- Brozhovsky during the filming of Nikolai Vavilov (1990)
- Born: 26 July 1935 Moscow, Russian SFSR, Soviet Union
- Died: 14 January 2022 (aged 86) Russia
- Occupation: Cinematographer
- Years active: 1961–2005
- Spouse: Nina Popova

= Boris Brozhovsky =

Soviet cinematographer (1935–2022)

Boris Leonidovich Brozhovsky (Борис Леонидович Брожовский; 26 July 1935 – 14 January 2022) was a Soviet and Russian cinematographer who made over 40 films.

== Life and career ==
Brozhovsky was born to the family of film director Leonid Brozhovsky and his wife Lydia. In 1959 he graduated from VGIK. From 1960, he worked at the Mosfilm film studio.

He became a laureate of the USSR State Prize in 1989, for the film The Cold Summer of 1953, and an Honored Art Worker of the Russian Federation on 18 November 2000.

Brozhovsky was married to actress Nina Popova, best known for her role as Zhenya in the Soviet TV series Day by Day.

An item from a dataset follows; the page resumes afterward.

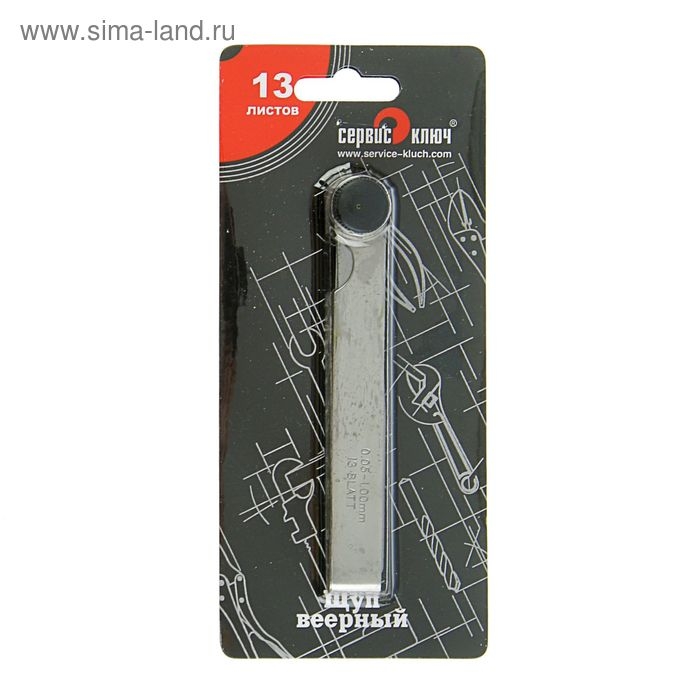 Щуп веерный "СЕРВИС КЛЮЧ", 0,05-1,0 мм, 13 листов, в блистере

He died on 14 January 2022, at the age of 86.

== Awards ==

- 1989 — Laureate of the USSR State Prize for artwork "The Cold Summer of 1953".
- 2000 — Honored Artist of the Russian Federation.

== Bibliography ==
- Sergei Yutkevich. Cinema: Encyclopedic Dictionary (1986)
- Anna M. Lawton. Imaging Russia 2000: Film and Facts (2004)
- Lyudmila Sokolova. Mosfilm. Yesterday, today and always (2021)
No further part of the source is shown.